* [PROBLEM TO SOLVE]:
From the first line of the material to the line containing "10 цен на Пенка", inclusive, write out each line exactly, leaving out the pictures.

* [DATASET SECTION]:
□ □ □ □ □
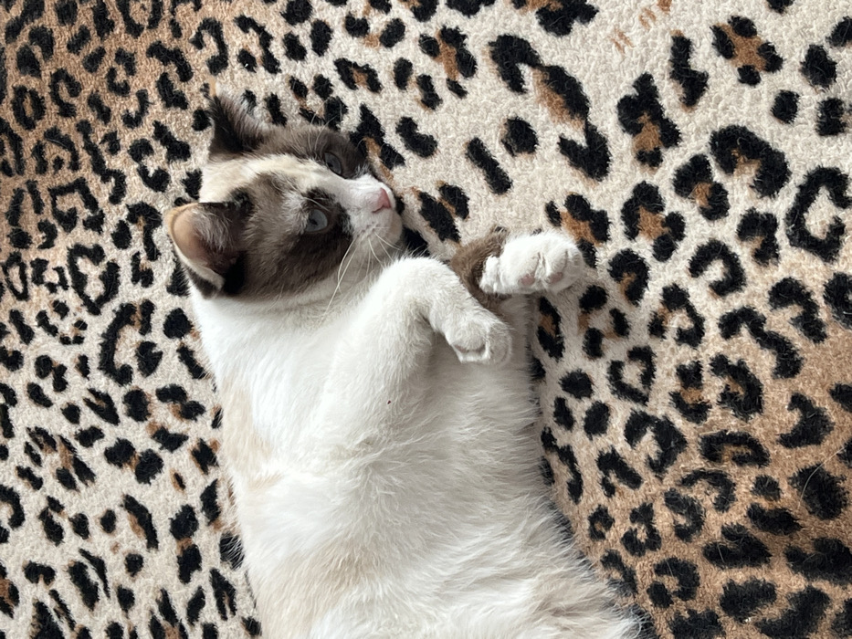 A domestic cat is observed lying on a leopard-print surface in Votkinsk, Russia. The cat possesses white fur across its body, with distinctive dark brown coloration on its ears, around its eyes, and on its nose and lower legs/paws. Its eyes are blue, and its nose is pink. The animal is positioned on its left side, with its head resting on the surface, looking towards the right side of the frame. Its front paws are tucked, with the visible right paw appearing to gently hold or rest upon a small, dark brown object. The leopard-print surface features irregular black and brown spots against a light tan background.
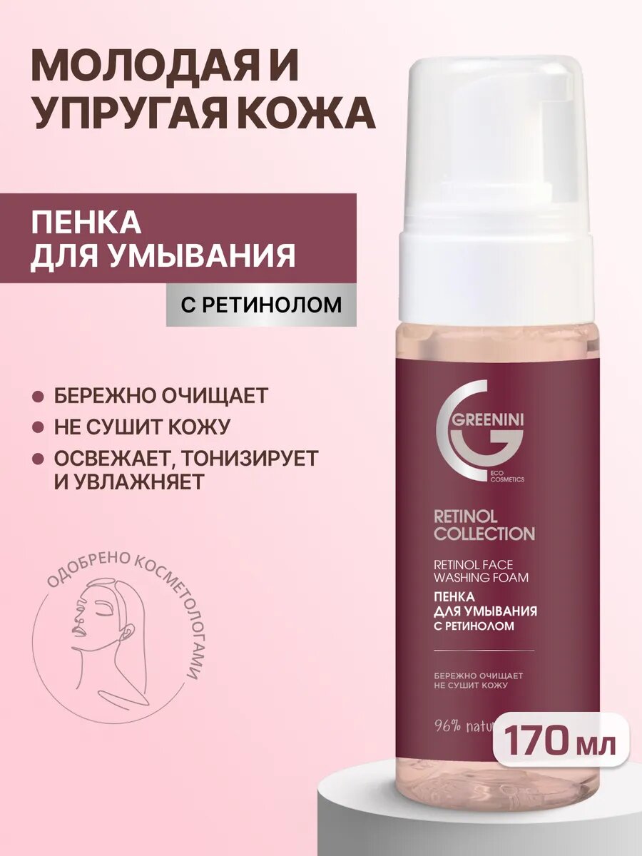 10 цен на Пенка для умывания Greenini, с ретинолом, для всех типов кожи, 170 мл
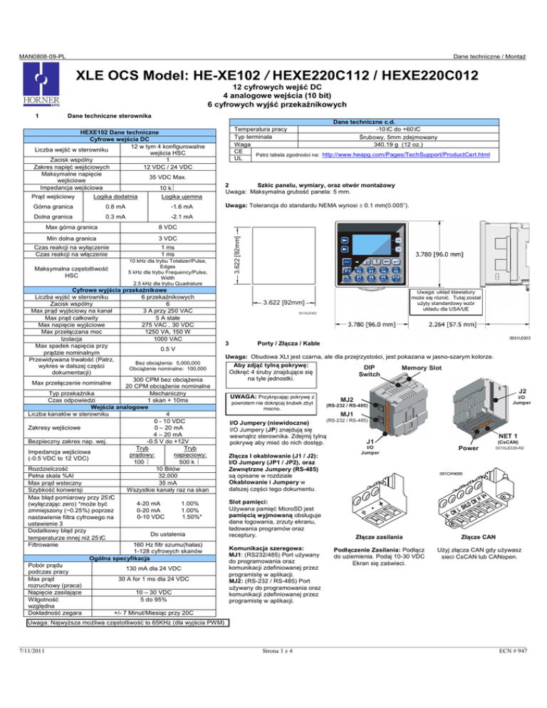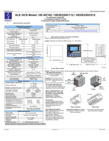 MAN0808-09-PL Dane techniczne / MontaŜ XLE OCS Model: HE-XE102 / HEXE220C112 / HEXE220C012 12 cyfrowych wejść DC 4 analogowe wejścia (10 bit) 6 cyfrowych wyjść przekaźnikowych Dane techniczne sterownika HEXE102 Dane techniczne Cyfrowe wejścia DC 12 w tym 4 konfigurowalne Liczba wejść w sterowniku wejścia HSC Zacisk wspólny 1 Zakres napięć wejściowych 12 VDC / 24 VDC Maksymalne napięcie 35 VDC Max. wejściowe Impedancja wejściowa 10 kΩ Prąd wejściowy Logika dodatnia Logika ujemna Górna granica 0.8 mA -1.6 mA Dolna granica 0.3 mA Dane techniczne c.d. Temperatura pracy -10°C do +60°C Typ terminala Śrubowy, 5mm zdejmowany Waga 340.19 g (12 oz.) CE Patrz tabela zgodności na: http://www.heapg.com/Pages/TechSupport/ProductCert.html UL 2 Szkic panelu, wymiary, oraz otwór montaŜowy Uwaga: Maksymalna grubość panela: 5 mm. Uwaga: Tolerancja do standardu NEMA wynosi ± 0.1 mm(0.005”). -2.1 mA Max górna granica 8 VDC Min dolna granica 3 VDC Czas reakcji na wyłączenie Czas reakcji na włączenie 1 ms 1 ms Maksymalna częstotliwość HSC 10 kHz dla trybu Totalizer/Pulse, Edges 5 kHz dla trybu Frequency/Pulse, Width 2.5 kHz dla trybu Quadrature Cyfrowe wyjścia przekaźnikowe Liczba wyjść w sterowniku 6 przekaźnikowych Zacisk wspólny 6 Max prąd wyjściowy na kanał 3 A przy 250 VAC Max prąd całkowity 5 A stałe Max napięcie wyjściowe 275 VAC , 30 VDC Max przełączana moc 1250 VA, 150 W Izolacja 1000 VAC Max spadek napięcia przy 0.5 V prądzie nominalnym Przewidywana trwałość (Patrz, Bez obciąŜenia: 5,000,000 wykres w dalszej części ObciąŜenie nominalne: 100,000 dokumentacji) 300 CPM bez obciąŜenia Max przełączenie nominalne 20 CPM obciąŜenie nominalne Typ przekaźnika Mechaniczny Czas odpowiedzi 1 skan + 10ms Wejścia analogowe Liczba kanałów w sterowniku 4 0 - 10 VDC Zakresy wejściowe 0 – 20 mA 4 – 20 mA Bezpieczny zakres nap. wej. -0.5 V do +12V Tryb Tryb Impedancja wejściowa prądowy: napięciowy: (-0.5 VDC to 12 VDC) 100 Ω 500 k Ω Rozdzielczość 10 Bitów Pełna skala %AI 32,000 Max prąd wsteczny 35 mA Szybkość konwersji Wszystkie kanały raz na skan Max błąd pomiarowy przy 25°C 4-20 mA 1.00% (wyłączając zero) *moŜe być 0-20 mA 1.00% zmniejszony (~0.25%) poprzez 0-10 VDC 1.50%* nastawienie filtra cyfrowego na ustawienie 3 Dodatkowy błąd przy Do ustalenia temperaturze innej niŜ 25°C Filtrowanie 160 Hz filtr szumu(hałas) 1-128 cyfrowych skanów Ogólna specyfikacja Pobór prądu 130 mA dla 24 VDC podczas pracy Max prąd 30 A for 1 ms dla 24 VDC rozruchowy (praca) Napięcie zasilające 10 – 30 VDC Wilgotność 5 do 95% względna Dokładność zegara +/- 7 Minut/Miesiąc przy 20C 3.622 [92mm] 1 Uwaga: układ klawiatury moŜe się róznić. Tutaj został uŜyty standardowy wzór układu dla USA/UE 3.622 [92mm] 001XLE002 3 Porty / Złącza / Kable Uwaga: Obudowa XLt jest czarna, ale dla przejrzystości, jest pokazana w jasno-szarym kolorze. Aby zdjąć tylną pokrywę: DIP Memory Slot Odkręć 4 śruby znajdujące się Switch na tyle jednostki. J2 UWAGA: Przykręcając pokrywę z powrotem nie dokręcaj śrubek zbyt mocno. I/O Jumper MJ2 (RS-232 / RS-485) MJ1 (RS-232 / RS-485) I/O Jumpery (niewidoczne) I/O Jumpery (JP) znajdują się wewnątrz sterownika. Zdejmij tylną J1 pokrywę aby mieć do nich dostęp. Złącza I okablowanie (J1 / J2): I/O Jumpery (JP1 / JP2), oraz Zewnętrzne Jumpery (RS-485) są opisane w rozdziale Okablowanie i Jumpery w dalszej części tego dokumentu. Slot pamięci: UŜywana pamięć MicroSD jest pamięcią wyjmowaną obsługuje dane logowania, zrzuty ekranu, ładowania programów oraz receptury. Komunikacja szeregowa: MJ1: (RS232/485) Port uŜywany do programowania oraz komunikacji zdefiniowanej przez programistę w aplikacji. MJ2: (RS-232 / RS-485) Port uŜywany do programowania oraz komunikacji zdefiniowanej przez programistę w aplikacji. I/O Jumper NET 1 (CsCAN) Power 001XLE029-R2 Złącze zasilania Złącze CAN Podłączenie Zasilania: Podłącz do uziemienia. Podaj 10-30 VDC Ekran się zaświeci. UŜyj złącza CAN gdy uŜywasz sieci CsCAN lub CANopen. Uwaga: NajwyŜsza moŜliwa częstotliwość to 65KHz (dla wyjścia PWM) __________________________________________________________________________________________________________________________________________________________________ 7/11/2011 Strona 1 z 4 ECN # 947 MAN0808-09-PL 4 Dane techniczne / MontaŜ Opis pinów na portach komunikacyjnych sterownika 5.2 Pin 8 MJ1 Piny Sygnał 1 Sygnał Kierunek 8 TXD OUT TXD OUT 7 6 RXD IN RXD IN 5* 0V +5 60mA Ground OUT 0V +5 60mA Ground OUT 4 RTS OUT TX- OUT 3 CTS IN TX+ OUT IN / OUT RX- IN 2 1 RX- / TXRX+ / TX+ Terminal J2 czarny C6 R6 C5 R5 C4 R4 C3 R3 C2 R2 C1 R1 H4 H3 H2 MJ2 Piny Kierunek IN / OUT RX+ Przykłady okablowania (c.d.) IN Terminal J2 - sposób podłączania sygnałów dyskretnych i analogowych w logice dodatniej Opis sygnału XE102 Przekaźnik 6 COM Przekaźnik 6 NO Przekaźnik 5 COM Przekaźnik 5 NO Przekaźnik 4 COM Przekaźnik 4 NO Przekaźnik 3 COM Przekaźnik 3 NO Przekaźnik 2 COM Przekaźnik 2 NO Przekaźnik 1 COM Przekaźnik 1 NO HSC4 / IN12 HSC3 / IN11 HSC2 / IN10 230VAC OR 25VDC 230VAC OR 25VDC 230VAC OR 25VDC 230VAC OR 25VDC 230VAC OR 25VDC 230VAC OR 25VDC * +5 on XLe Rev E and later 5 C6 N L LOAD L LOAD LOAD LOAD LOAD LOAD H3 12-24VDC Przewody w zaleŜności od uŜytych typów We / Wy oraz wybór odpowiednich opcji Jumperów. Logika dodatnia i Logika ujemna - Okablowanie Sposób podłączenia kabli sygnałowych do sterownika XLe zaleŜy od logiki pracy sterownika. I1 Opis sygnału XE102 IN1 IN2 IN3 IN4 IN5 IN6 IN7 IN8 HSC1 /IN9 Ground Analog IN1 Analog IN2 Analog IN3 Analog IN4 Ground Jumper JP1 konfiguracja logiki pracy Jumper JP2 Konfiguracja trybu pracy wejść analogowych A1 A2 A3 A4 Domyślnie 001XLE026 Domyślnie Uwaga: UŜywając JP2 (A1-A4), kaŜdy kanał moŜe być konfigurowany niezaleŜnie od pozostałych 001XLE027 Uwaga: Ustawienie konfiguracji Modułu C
□ □ □ □ □
* [SOLVED PROBLEM]:
 A domestic cat is observed lying on a leopard-print surface in Votkinsk, Russia. The cat possesses white fur across its body, with distinctive dark brown coloration on its ears, around its eyes, and on its nose and lower legs/paws. Its eyes are blue, and its nose is pink. The animal is positioned on its left side, with its head resting on the surface, looking towards the right side of the frame. Its front paws are tucked, with the visible right paw appearing to gently hold or rest upon a small, dark brown object. The leopard-print surface features irregular black and brown spots against a light tan background.
 10 цен на Пенка для умывания Greenini, с ретинолом, для всех типов кожи, 170 мл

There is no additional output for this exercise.